[[ Data for review, beginning ]]

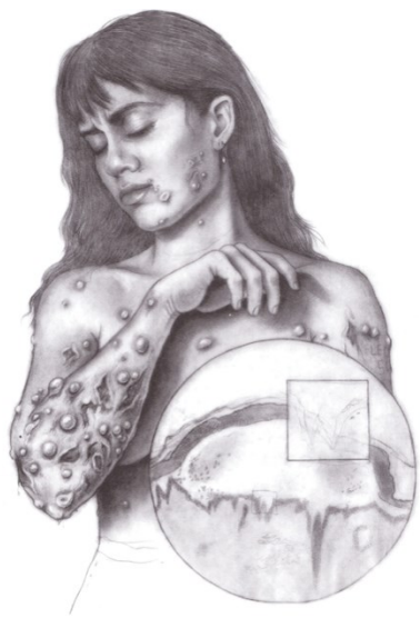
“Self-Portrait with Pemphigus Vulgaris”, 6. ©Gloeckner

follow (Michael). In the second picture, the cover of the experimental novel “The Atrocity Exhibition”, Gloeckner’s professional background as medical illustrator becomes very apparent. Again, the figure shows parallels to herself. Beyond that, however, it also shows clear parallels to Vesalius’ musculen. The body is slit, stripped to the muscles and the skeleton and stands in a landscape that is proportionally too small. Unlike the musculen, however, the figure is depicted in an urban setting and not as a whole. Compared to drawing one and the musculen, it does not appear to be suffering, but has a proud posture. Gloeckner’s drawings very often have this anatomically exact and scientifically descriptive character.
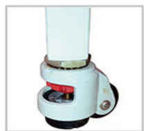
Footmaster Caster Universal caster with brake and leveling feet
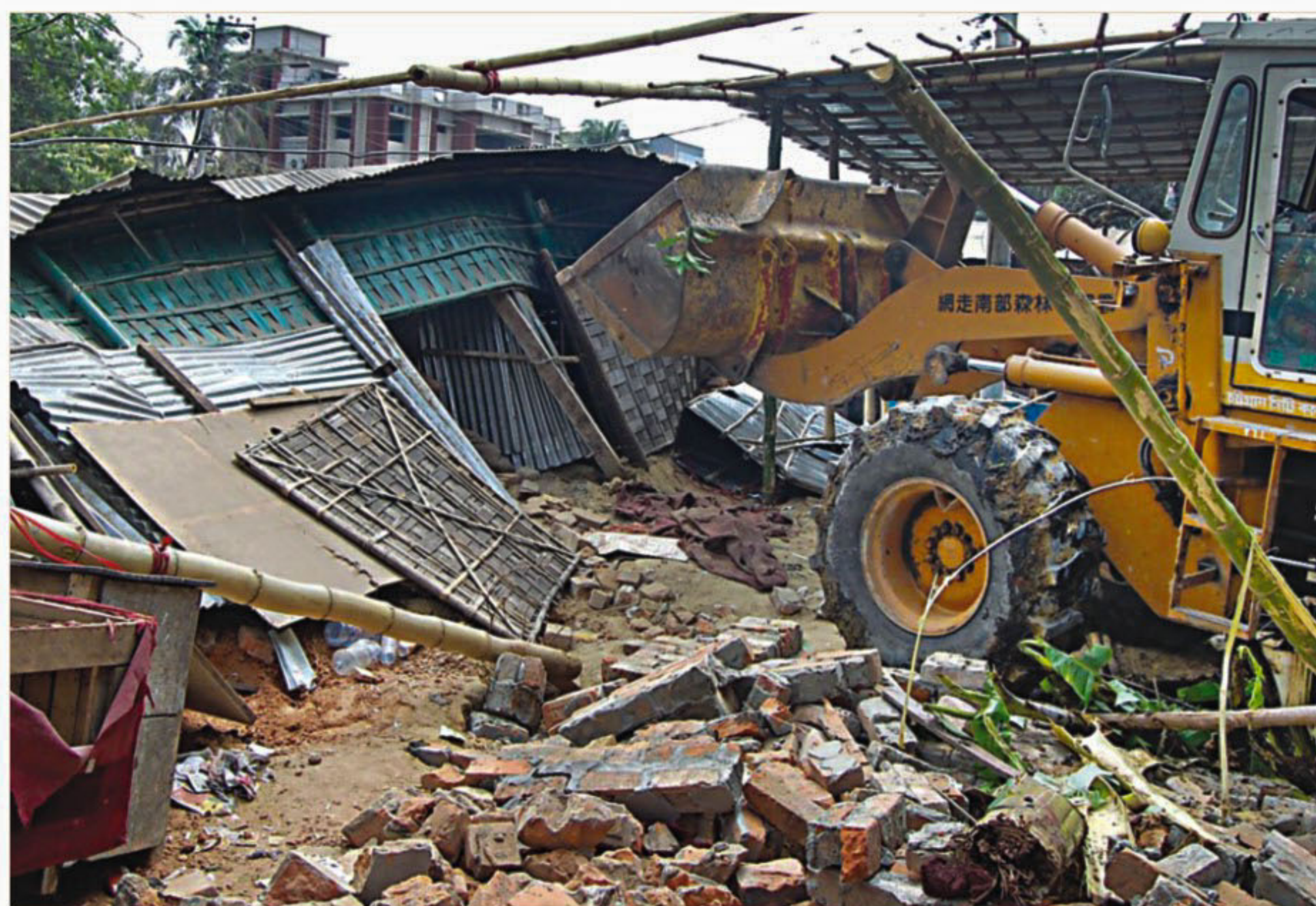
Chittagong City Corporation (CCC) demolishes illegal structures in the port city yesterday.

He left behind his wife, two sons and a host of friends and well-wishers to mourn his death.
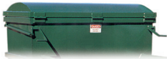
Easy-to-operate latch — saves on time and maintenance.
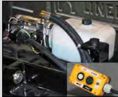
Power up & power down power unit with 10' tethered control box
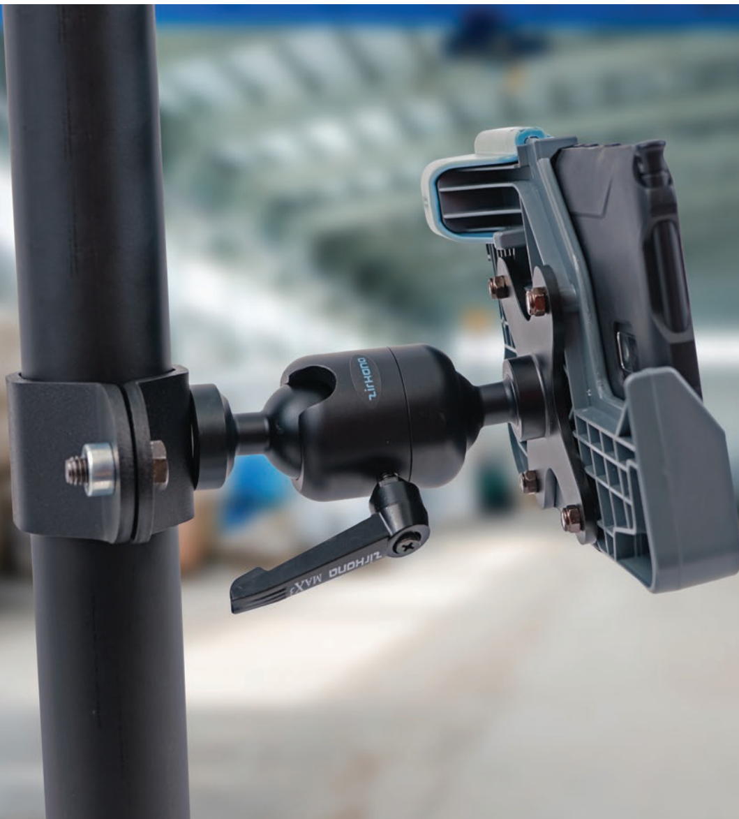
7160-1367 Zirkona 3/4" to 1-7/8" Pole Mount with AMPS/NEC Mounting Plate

[[ Data for review, end ]]

■ What you will do ■
Search the preceding listing for the word "with" and pull out every line that holds it.

■ Solution to the problem ■
“Self-Portrait with Pemphigus Vulgaris”, 6. ©Gloeckner
Footmaster Caster Universal caster with brake and leveling feet
Power up & power down power unit with 10' tethered control box
7160-1367 Zirkona 3/4" to 1-7/8" Pole Mount with AMPS/NEC Mounting Plate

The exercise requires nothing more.